By Troy Stangarone
When scholars and historians look back on the Seoul G-20, it is likely to be seen as a brief interregnum between crises rather than the first post-crisis summit that many world leaders had hoped it would be at the time. Since the Seoul Summit last November, the world has faced growing concerns of a return to recession and a second financial crisis focused in the Euro zone area.
The Seoul Summit was a turning point for the G-20. Much of the work that had been done to address the financial crisis was formally endorsed at the Seoul Summit. World leaders adopted new capital requirements to make the financial system more robust under Basel III and endorsed work by the Financial Stability Board to address systemically important financial institutions.
Since some of the key highlights of the Seoul Summit consisted of formally endorsing ongoing work from earlier G-20 summits, the key for considering the Seoul summit’s success a year later rests with the new issues that Korea added to the agenda and how they meet ongoing global challenges. For the Seoul Summit Korea added three items to the agenda – financial safety nets, the Seoul Development Consensus, and the Business Summit.

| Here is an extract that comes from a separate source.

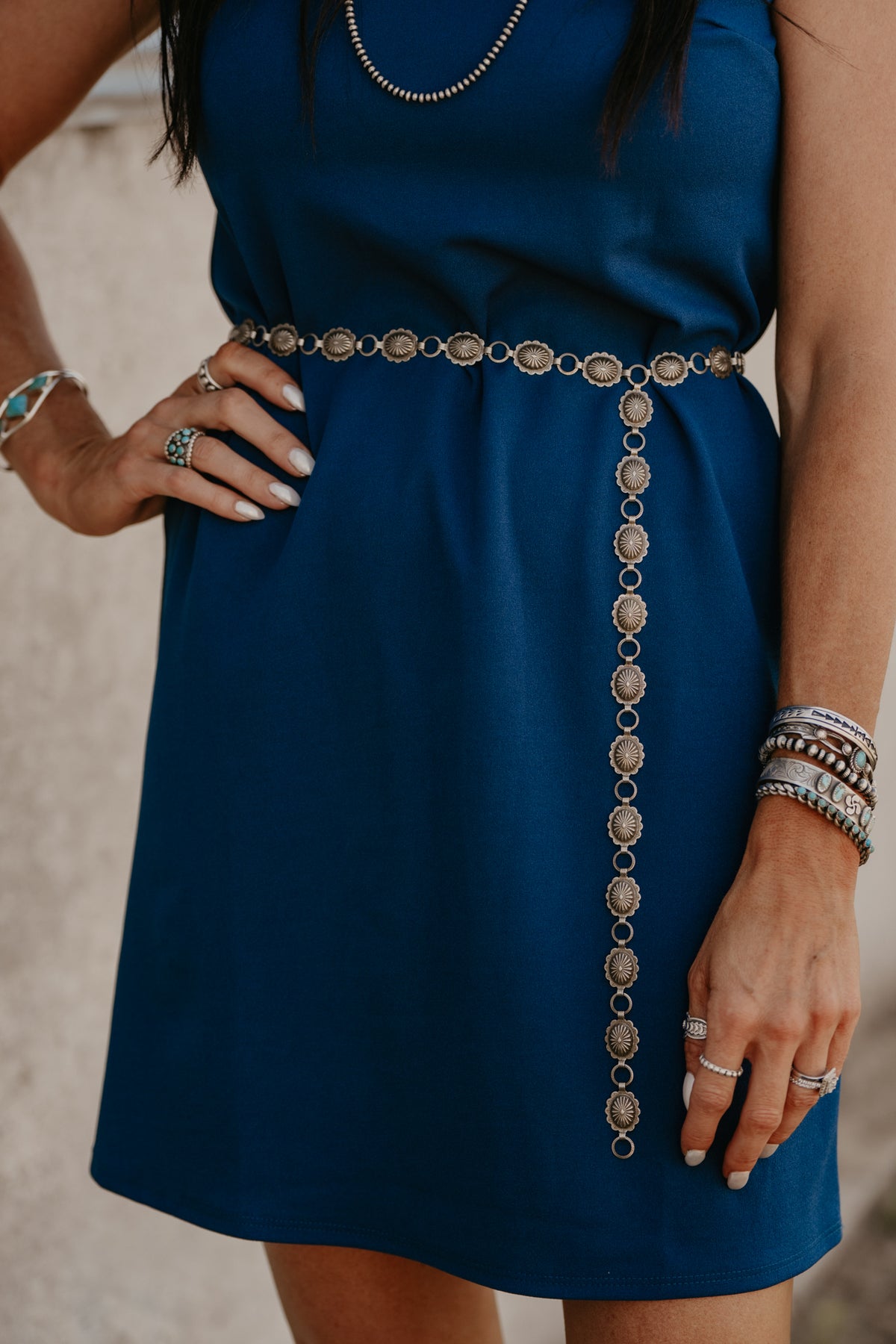 Measures (end to end) : 42" so it can easily fit any size. Wear high-waist or low across your hips, the belt is very versatile.

Of Seoul’s contribution to the G-20, the push for the introduction of financial safety nets looks the most prescient should the world fall into a second financial crisis. Work on this issue led to the endorsement of enhancements to the IMF’s Flexible Credit Line (FCL), specifically the introduction of the multi-country FLC for when many countries are exposed to a common shock. Leaders also backed the introduction of a Precautionary Credit Line (PCL) at the IMF. The PCL was designed to make precautionary liquidity available to countries with sound fundamentals and policies, but moderate market vulnerabilities. The Cannes Summit saw the addition of Precautionary and Liquidity Line to further enhance the IMF’s flexibility in providing liquidity, while the issue of enhancing the global financial safety net is set to stay on the G-20 agenda as Mexico takes over the leadership in 2012.
The issue of the Seoul Development Consensus is more complex. The development agenda remained on the G-20 agenda, but took a backseat to the European sovereign debt crisis which consumed the talks in Cannes. Leaders reaffirmed their support for the Seoul Development Consensus, but also acknowledged that G-20 officials did not meet on this issue until September of this year. While the G-20 did announce some additional measures on development, the most progress seemed to be made on efforts to address food security and high volatility in food prices. To this end, the G-20 adopted the Action Plan on Food Price Volatility and Agriculture, which will address agricultural productivity and take steps to address the volatility in food prices.
The last contribution to the G-20 is the Business Summit, or B-20. The gathering of world business leaders takes place in conjunction with the G-20 summit to help provide world leaders with the prospective of business on the issues they face. While likely a worthwhile endeavor, this is perhaps the one contribution to the G-20 by Seoul that has to date shown the least progress, but also looks set to continue.
In light of the significant economic uncertainty that has taken place in Europe since the Seoul G-20, its achievements have held up quite well. In fact, if the world does experience another financial crisis in the near future, its efforts to push for financial safety nets will have made a significant contribution to the global economy. However, the area with the most promise for Seoul to leave a lasting impression on the G-20 is in the area of development. Strong, sustainable global growth is dependent upon helping the world’s developing nations meet their potential, and properly addressed the development agenda could play a significant part in this process. While the need to focus on the sovereign debt crisis is understandable, if Mexico and the G-20 pick up the development agenda to provide aid to Africa or assistance to the transitioning economies of the Arab Spring, this could be Seoul’s true G-20 legacy.
Troy Stangarone is the Senior Director of Congressional Affairs and Trade for the Korea Economic Institute. The views expressed here are his own.